── Input material ──
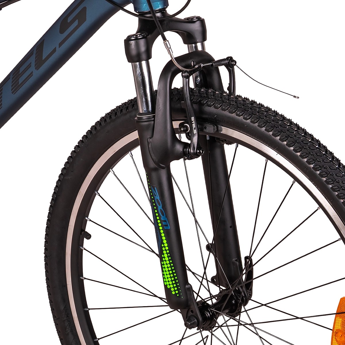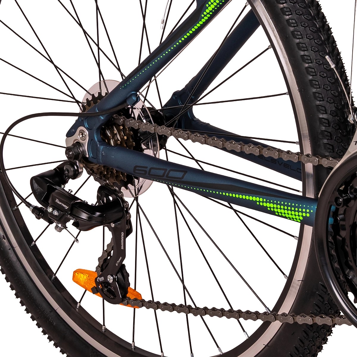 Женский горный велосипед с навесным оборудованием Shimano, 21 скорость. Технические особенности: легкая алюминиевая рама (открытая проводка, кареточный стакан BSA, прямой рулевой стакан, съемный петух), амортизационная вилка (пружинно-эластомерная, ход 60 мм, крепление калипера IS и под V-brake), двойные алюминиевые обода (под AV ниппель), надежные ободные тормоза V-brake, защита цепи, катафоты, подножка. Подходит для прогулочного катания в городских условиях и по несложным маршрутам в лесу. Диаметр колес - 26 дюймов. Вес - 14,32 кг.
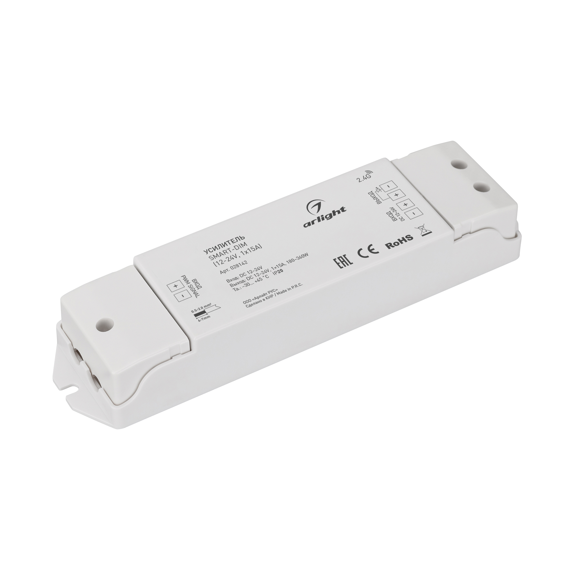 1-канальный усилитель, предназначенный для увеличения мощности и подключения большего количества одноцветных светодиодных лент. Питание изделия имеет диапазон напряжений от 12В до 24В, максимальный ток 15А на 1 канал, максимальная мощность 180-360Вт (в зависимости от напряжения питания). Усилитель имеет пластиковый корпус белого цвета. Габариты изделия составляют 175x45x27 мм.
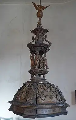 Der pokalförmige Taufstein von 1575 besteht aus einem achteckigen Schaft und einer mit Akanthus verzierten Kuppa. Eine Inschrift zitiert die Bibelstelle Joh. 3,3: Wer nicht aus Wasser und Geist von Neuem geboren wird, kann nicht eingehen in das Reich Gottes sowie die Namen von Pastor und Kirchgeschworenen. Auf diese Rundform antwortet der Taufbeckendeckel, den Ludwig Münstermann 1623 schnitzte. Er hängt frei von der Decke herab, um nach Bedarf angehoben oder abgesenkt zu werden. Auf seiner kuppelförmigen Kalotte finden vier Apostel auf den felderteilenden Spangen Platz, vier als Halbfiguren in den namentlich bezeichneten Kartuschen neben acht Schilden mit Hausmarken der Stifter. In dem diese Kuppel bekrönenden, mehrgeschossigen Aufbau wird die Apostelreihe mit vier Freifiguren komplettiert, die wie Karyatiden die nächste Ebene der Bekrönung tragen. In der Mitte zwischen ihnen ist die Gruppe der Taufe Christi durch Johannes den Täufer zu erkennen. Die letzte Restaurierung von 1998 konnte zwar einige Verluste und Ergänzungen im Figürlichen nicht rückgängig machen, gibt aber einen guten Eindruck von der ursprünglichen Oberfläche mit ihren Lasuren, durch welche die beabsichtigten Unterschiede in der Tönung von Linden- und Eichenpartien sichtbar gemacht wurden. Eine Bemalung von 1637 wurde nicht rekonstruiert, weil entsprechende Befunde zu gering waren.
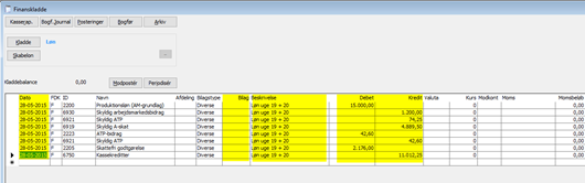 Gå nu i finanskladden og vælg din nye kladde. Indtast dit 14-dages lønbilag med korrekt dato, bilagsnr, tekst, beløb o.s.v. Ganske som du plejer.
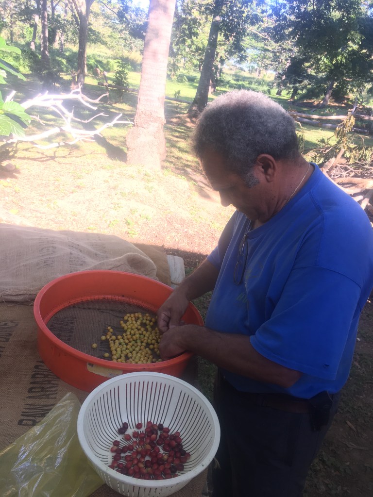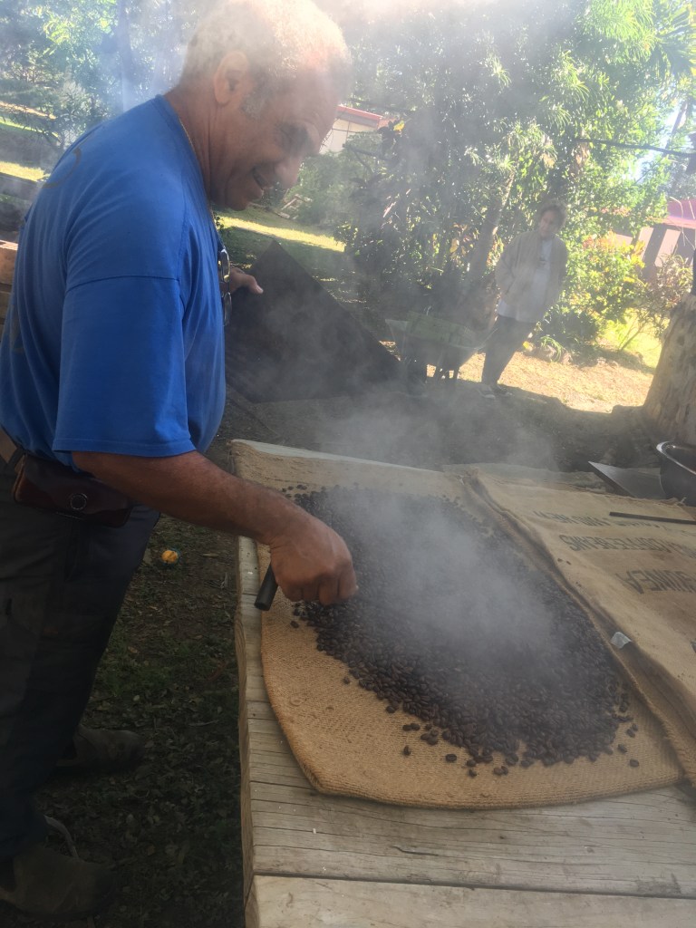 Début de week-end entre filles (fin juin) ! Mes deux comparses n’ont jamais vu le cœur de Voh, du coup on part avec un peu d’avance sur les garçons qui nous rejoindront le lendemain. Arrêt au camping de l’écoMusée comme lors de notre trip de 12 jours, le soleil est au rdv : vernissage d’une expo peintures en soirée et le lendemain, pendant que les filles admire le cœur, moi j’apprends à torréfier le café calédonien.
───
── Input material ──
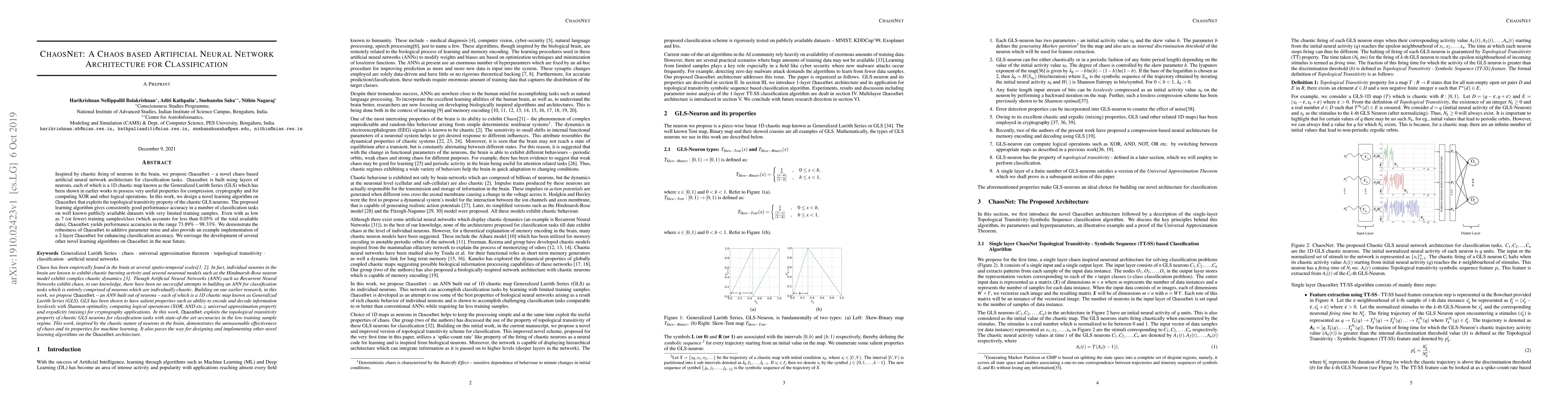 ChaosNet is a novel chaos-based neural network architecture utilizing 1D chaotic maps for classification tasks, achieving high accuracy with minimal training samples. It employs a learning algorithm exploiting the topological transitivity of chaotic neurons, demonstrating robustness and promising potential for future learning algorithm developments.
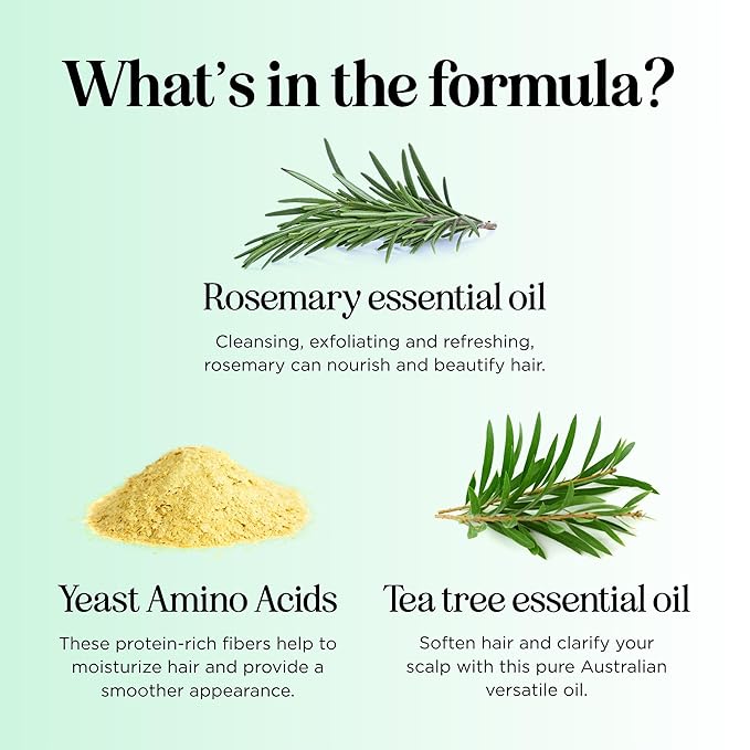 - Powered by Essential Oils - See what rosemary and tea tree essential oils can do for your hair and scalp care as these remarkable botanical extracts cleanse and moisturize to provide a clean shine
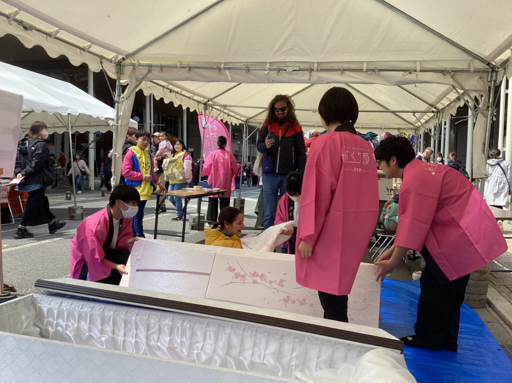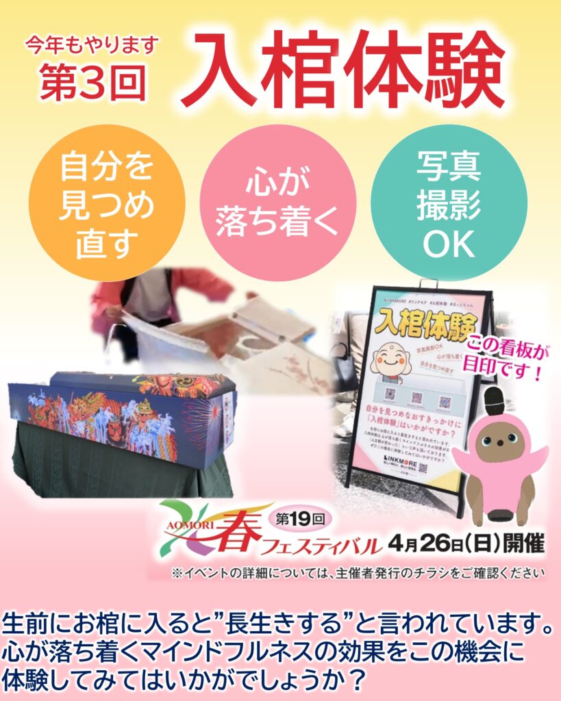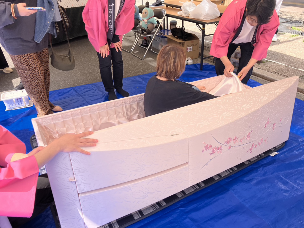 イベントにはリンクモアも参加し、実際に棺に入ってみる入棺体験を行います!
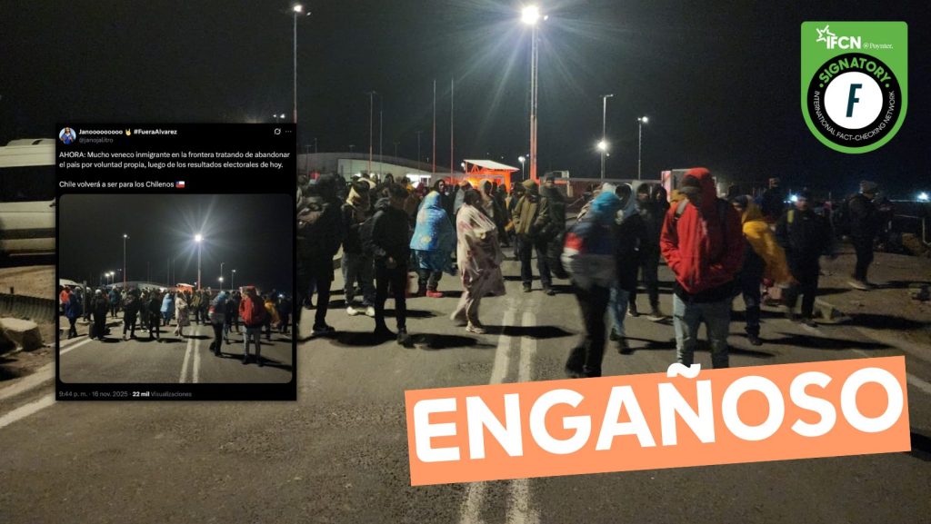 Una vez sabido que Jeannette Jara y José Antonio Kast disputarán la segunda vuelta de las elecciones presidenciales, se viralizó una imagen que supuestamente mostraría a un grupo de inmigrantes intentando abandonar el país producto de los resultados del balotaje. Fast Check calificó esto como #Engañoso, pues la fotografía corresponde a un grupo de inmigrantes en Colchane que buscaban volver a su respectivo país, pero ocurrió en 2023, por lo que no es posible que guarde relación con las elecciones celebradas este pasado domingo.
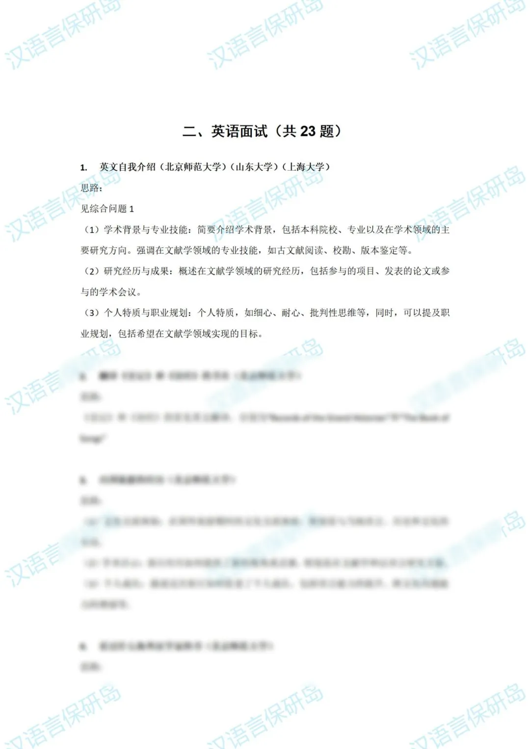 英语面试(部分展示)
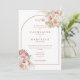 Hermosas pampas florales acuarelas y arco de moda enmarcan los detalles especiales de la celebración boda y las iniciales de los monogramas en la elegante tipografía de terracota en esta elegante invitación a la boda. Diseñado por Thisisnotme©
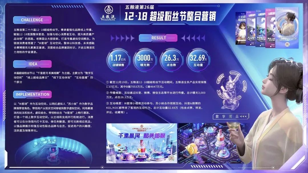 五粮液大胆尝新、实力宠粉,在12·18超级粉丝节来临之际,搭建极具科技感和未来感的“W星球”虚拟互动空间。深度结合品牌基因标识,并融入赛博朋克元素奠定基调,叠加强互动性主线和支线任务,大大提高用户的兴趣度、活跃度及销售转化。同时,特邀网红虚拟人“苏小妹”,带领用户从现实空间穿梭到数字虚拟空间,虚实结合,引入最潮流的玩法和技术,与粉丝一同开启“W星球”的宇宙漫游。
───
Problem to work on —
Transcribe only this stretch of the data: the line with "- Powered by", the line with "イベントにはリンクモアも参加し、実際に棺に入ってみる入棺体験を行います!", and every line in between. Leave out the pictures.

Exercise answer —
 - Powered by Essential Oils - See what rosemary and tea tree essential oils can do for your hair and scalp care as these remarkable botanical extracts cleanse and moisturize to provide a clean shine
 イベントにはリンクモアも参加し、実際に棺に入ってみる入棺体験を行います!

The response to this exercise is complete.